THEATER

Eine Wiener Unterweltkarriere

 

David Schalkos »SCHWERE KNOCHEN« (Kiepenheuer & Witsch) war eines meiner liebsten Bücher von 2018. Nun hat man sich am Volkstheater um eine Bearbeitung für die Bühne bemüht (aufgeführt in der Halle E im Museumsquartier, weil im Volkstheater selbst umgebaut wird). Natürlich musste ich mir das anschauen gehen. Eine Art Fassungsvergleich.

Erdberg 4 life 

Ferdinand Krutzler ist 12 Jahre alt, als er zum ersten Mal Notwehr begeht. So genau kann man im Nachhinein nicht sagen, was passiert ist, und Ferdinands Vater war eben ein Choleriker und Säufer, der die Mutter gerne schlug. Gut möglich, dass der Bub sich nur gewehrt hat und dabei ein Unfall passiert ist. Nach jenem Vorfall ist jedenfalls der Vater tot, Mutter und Sohn ziehen von Gramatneusiedl nach Wien Erdberg und Krutzlers Laufbahn als stadbekannter »Notwehrspezialist« (Elfmal wird er wegen tödlicher Notwehr freigesprochen) ist eingeschlagen. Im Klassenzimmer trifft Krutzler auf die Mitschüler Wessely, Praschak und Sikora, mit denen er sich bald aufmacht, die Erdberger Mitbürger um den einen oder anderen Hunderter zu erleichtern.
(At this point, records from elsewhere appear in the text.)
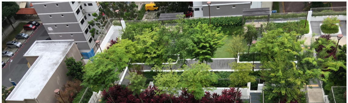
3 Bloque de apartamentos (Singapur)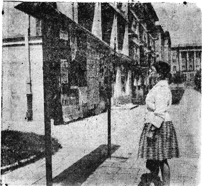
— Co nowego...?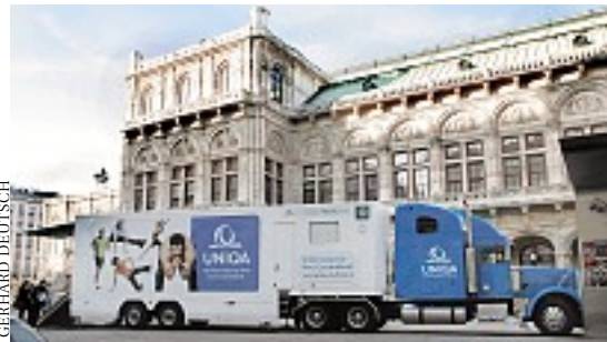
150 Personen ließen sich im Truck neben der Oper testen

den, die ihren Mitarbeitern die Möglichkeit zu einem kostenlosen Fitness-Test geben wollen. Aufbauend auf den Ergebnissen stellen die Vitalcoaches auf Wunsch ein für den Betrieb ein maßgeschneidertes Trainingsprogramm zusammen. Von Alcatel über Erste Bank bis hin zur Verbund AG reicht der Bogen der Firmen, die bisher dieses Angebot genutzt haben. Hinzu kommen die Landesregierungen von Salzburg, Tirol und Oberösterreich sowie die Wirtschaftskammern Österreich, Wien und Burgenland. Bis nach Norddeutschland und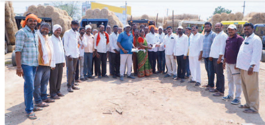
-విదేశీగా నిరంతరాయంగా రైతు సేవలు

జలగం టీవీ, రాజన్న సిరిసిల్ల : జనమీవాని ప్రత్యేక దర్శనం కల్పించి, అనంతరం స్వామివారి ప్రసాదాన్ని అందజేసినారు. దేవస్థానం పరిధిలోని తిప్పాపురం గోశాలకు పెద్దపెల్లె జిల్లాకు చెందిన రైతులు మరియు జానకిరామ్ ట్రాక్టర్ ఓనర్ డ్రైవర్ అసోసియేషన్ సభ్యులు భారీగా ఎండు గడ్డిని విరాళంగా అందజేశారు. కనుకల, మారుతినగర్, రామనిపల్లి, తొగర్రాయి ప్రాంతాలకు చెందిన భక్తులు ఈ సేవకు విరాళం 65 ట్రాక్టర్ల ఎండు గడ్డిని సమర్పించారు. మొదట్లో కేవలం 10 ట్రాక్టర్ల గడ్డితో ప్రారంభమైన ఈ సేవా కార్యక్రమం, నిరంతరంగా సాగుతూ గత ఏడాది 45 ట్రాక్టర్లకు చేరుకుంది. ఈ ఏడాది ఏకంగా 65 ట్రాక్టర్ల ఎండు గడ్డిని విరాళంగా అందజేసి తమ సేవా గుణాన్ని చాటుకున్నారు. రైతులు సేకరించిన ఈ విరాళాన్ని దేవస్థానం డి.కే.ఓ.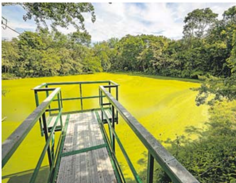
Ecoreserva La Tribuna

La COP16 que reunirá a más de 10.000 participantes de más de 100 países, será el escenario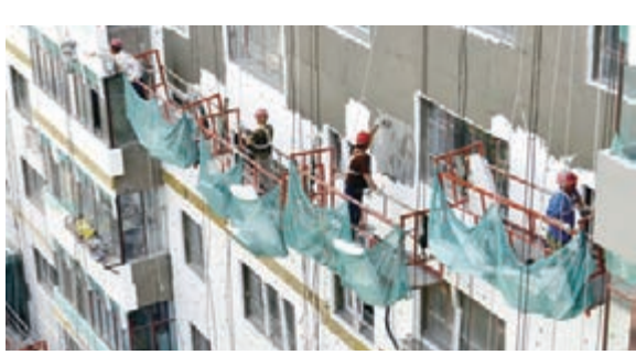
水磨溝區對老舊社區進行外牆保溫改造，確保居民過一個溫暖的冬天。

改造後的社區，居民生活環境明顯改善，公共基礎設施進一步優化升級，存在多年的建築節能、管線改造和環境整治等問題得到了有效解決。隨着烏魯木齊老舊社區改造工作的有序開展和全面推進，越來越多的老舊社區居民感受到了「幸福來敲門」的喜悅。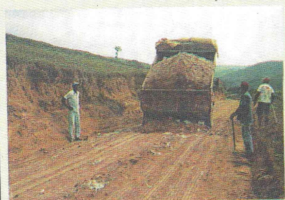
Patrolamento e ensaibramento de estradas rurais Captação de águas pluviais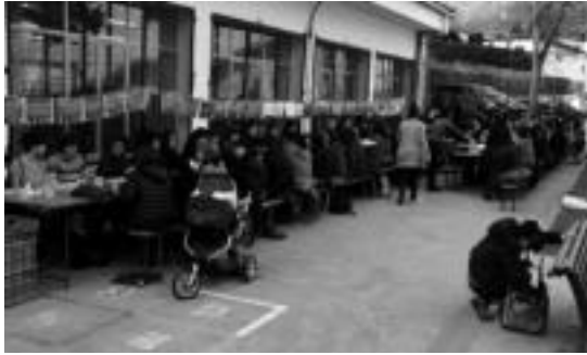
V. Topaketa Femisitek ia 600 lagun elkartu zituzten, Leitzan. A. IMAZ

Emakumeak protagonista dituen Aurrez Aurre ekimena etzi inauguratuko dute, Aranburu Jauregian, 19:00etan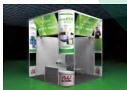
角豪华展位 3x3m (双开口)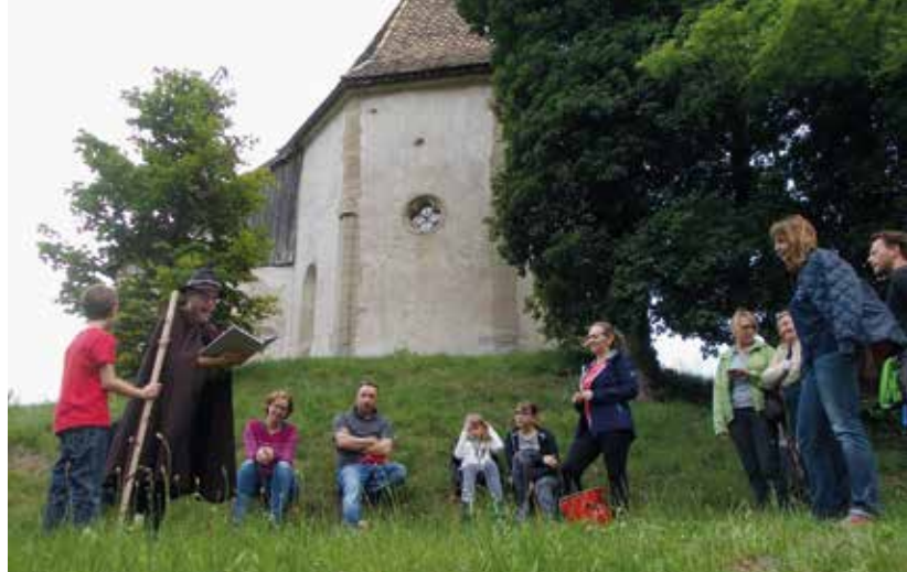
Eine Sagenwanderung führte nach St. Daniel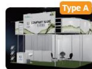
부스 상단 그래픽 제공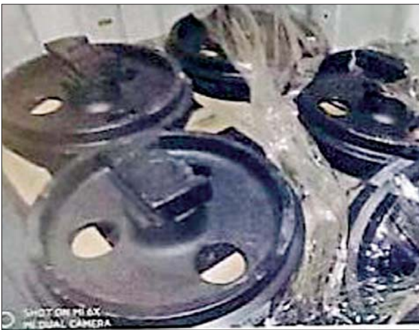
အေးရှားဝေါလ်ကုန်သေတ္တာစစ်ဆေးရေးစခန်း၌ သိမ်းဆည်းရမိမှု။

တရားမဝင် ကုန်သွယ်မှုတိုက်ဖျက်ရေး ဦးဆောင်ကော်မတီ၏ ကြီးကြပ်ကွပ်ကဲမှုဖြင့် တရားမဝင် ကုန်သွယ်မှုများကို ဥပဒေနှင့်အညီ ထိရောက်စွာ တားဆီးအရေးယူနိုင်ရေး ဆောင်ရွက်လျက်ရှိပြီး အကောက်ခွန်ဦးစီးဌာန၏ စီမံခန့်ခွဲမှုဖြင့် တာဝန်ကျပေးပေါင်းအဖွဲ့များက စစ်ဆေးမှုများဆောင်ရွက်ခဲ့ရာ အောက်တိုဘာ ၁၅ ရက်တွင် အေးရှားဝေါလ်ကုန်သေတ္တာ စစ်ဆေးရေးစခန်း၌ ကုန်သေတ္တာ ၁၃ လုံး အတွင်းမှ တရားဝင်စာရွက်စာတမ်းအထောက်အထား တင်ပြနိုင်ခြင်း မရှိသည့် လုပ်ငန်းသုံးပစ္စည်းလေးမျိုးနှင့် လူသုံးကုန်ပစ္စည်းတစ်မျိုး (ခန့်မှန်းတန်ဖိုးငွေကျပ် ၁၆၂၅၅၆၃၂၆)ကို လည်းကောင်း၊ ရန်ကုန် အပြည်ပြည်ဆိုင်ရာလေဆိပ် လေဆိပ်(သွင်းကုန်)၌ တရားဝင်စာရွက် စာတမ်းအထောက်အထား တင်ပြနိုင်ခြင်းမရှိသည့် လုပ်ငန်းသုံး ပစ္စည်းတစ်မျိုး (ခန့်မှန်းတန်ဖိုးငွေကျပ် ၄၄၄၄၄၄၄၄)ကို လည်းကောင်း၊ (စုစုပေါင်းခန့်မှန်းတန်ဖိုးငွေကျပ် ၁၆၇၂၄၄၄၄၄)ကို သိမ်းဆည်းရမိခဲ့ပြီး အကောက်ခွန်လုပ်ထုံးလုပ်နည်းများနှင့်အညီ အရေးယူဆောင်ရွက် လျက်ရှိသည်။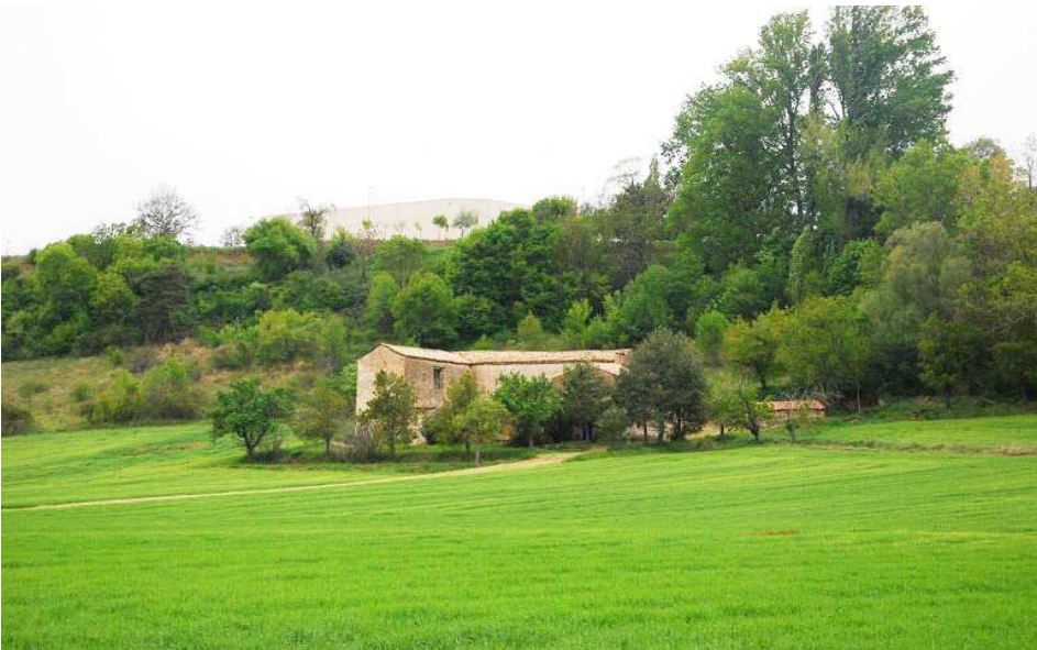
el edificio desde el camino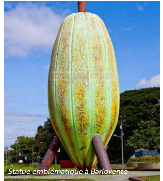
Statue emblématique à Barlovento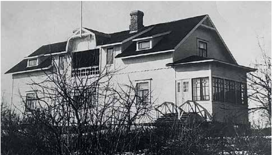
Reiman kartanohuvilan osti tukkukauppias Marttila ja Reima jäi asumaan tontin eteläosaan rakennettuun uuteen taloon.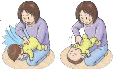
図3: 背部叩打法 (乳児)

片手で体を支え、手の平で後頭部をしっかり支えます。心肺蘇生法の胸部圧迫と同じやり方で圧迫しましょう(図4)。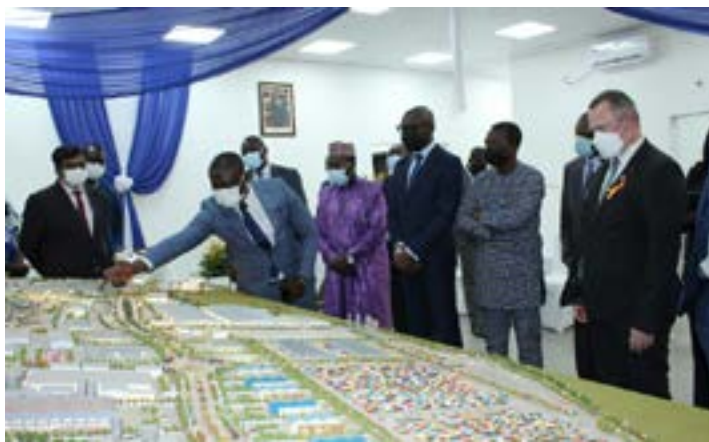
Présentation de la maquette du projet

logistiques : un parking d'une capacité de 700 camions, un parc pour le stockage de conteneurs d'une capacité de 12 500 EVP, un entrepôt pour charger, décharger et transférer les conteneurs, une plateforme de stockage du coton et d'autres matières premières, une zone de 200 000 m 2 dédiée aux autres activités logistiques, des routes et emprises routières. PIA va également permettre de

Als Hitler die Macht ergreift, nutzen die Burschen die Gunst der Stunde und räumen einem Nazi-Funktionär die Bude aus, die jener kurz zuvor überaus günstig von einem jüdischen Großbürger erworben hat. Dafür wandern alle außer Praschak umgehend ins KZ, wo Krutzler als Kapo installiert wird. Er kommt durch und macht nach dem Krieg dort weiter, wo er aufgehört hat: Er will die Weltherrschaft über Wien. Ein flugs zusammen mit den Spezis errichteter Schmuggelring soll zu diesem Ziel beitragen. Zwischendurch gibt es die eine oder andere Verirrung, ab und zu so etwas ähnliches wie eine Liebesgeschichte, und in der Tradition Shakespeares sind am Ende viele tot. Das klingt wie ein Spoiler, ist aber keiner, da auf dieses Ende gleich in den ersten Zeilen bzw. ersten Minuten von »Schwere Knochen« vorgegriffen wird.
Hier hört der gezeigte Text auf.